In the second half of 2026, Swedish stock-picking boutique Protean Funds plans to launch a Global Aktiesparfond, a low-cost, actively managed global equity fund designed to reduce fees further as assets grow and, crucially, to outperform its benchmark. The ambition, as articulated by founder Pontus Dackmo, is to position the fund between “expensive active funds that don’t [beat the index], and cheap index funds that can’t.”
The new product represents a global extension of Protean Aktiesparfond Norden, managed by Richard Bråse as lead portfolio manager. That Nordic strategy aims to combine the cost efficiency of index funds with the outperformance potential of active management. While Protean may plausibly enjoy an informational edge in local markets, the more relevant question is what constitutes its edge in global equities.
Rethinking the Sources of Edge in Global Markets
“In regional markets, local knowledge, historical familiarity, and proximity can plausibly play a role, particularly in less efficient segments,” Dackmo notes. In global listed equities, however, the assumptions are different.
A common industry belief holds that outperformance in global equities is driven by geography, organizational scale, or accumulated seniority by being located in the “right” financial center, employing large analyst teams, or relying on decades of experience. “If these factors were structurally decisive, they should be clearly visible in historical outcomes. They are not,” argues Dackmo.

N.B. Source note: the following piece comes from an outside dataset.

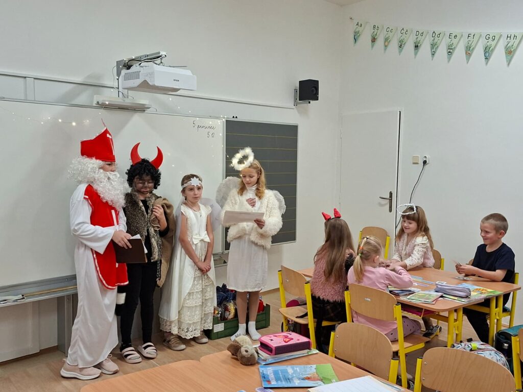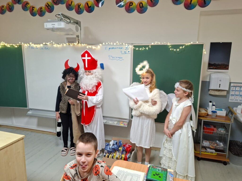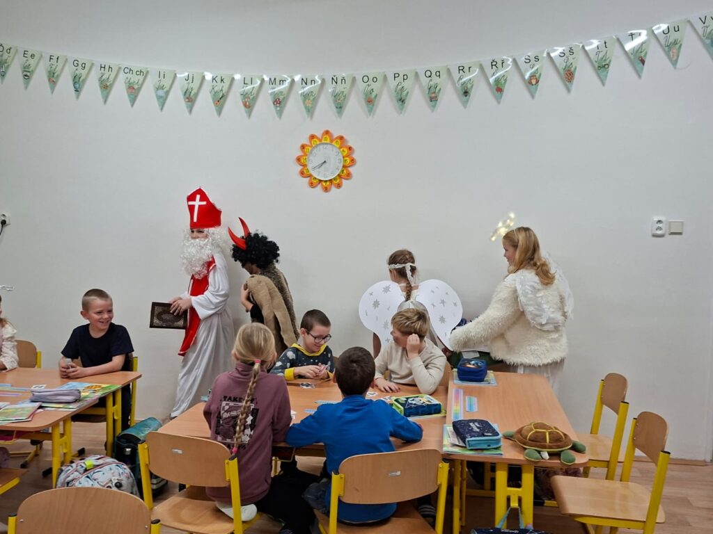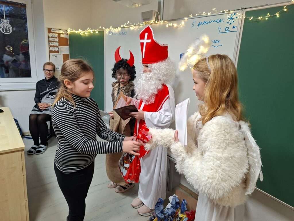 Ani v druhé třídě čert děti nešetřil V pekelné knize četl jejich nešvary, andělé děti obhajovali. Bylo úsměvné a dojemné, že se nikdo nepokusil pravou identitu Mikuláše, čerta a andělů odhalit a nespolupracovat. A tak i naši starší žáci recitovali a zpívali a po zásluze si odnášeli mikulášský balíček.

Instead, the empirical record points to a steady convergence toward index-like returns after fees, regardless of organizational size or location. A substantial share of global equity funds ultimately deliver performance that closely mirrors the broader market once costs are accounted for. Protean’s view is that sustainable outperformance rests less on scale or location and more on process.
“In a market where financial disclosure is standardized, management communication is global, and information is disseminated simultaneously, proximity provides little informational benefit.”

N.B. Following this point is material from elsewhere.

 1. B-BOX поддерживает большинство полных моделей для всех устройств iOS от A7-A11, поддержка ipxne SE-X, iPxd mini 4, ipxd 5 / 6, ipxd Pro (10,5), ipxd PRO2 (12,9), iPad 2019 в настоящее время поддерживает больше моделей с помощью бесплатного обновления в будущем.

The boutique emphasizes clarity of investment philosophy, discipline in capital allocation, consistency in portfolio construction, alignment of incentives, and, above all, cost control. “In a market where financial disclosure is standardized, management communication is global, and information is disseminated simultaneously, proximity provides little informational benefit,” says Dackmo. “The relevant question is therefore not where decisions are made, but how they are made.”
“We believe that global equity outperformance does not require larger teams or physical presence in specific markets,” he continues. “It requires a coherent process, a rational view of uncertainty, and a relentless focus on costs and incentives. That perspective informs how we think about global equities, just as it has informed our decisions elsewhere.”

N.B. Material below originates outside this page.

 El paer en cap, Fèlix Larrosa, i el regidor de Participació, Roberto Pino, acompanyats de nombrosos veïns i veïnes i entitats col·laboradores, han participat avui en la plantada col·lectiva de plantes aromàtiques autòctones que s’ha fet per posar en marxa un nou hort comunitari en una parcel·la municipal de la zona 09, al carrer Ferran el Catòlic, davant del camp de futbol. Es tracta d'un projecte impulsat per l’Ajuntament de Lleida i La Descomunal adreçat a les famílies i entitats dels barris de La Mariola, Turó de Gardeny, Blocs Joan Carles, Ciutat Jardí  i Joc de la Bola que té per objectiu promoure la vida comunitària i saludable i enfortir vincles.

A Structural Middle Ground
Protean argues that there is meaningful space between traditional high-fee active funds and low-cost index products. The soon-to-be-launched Global Aktiesparfond will deviate meaningfully from its benchmark and launch with a management fee less than half that of typical active global equity funds, with fees set to decline further as assets under management increase. “Economies of scale should benefit investors,” says Dackmo.
“Equally important is the ability to operate within a clearly defined framework, applying consistent criteria across a broad opportunity set while resisting both benchmark gravity and short-term noise.”
Protean’s description of the desired lead portfolio manager underscores its capital-allocation mindset. The role is not to act as a market commentator, but as a disciplined allocator of capital: evaluating businesses through cash flows, balance sheets, and incentive structures rather than narratives; assessing how capital is deployed in practice; and maintaining a strong aversion to unnecessary complexity, leverage, and cost. “Equally important is the ability to operate within a clearly defined framework, applying consistent criteria across a broad opportunity set while resisting both benchmark gravity and short-term noise.”
A Large and Competitive Segment
Global equity funds represent the largest fund category for Swedish savers, accounting for a significant share of both accumulated wealth and new savings flows. A substantial portion of this capital is allocated to actively managed funds that charge high fees yet exhibit limited active share relative to their benchmarks, according to Dackmo.
Whether Protean’s Global Aktiesparfond can establish itself as a distinct middle ground between traditional active funds and passive index products remains to be seen. The Nordic predecessor provides an initial reference point. Since inception ten months ago, Protean Aktiesparfond Norden has returned 17 percent, compared with 13.7 percent for the VINX Nordic Cap Index over the same period. The fund’s assets under management have reached SEK 1.7 billion. While the track record is still short, the early performance offers a preliminary data point as Protean prepares to extend its model to global equities.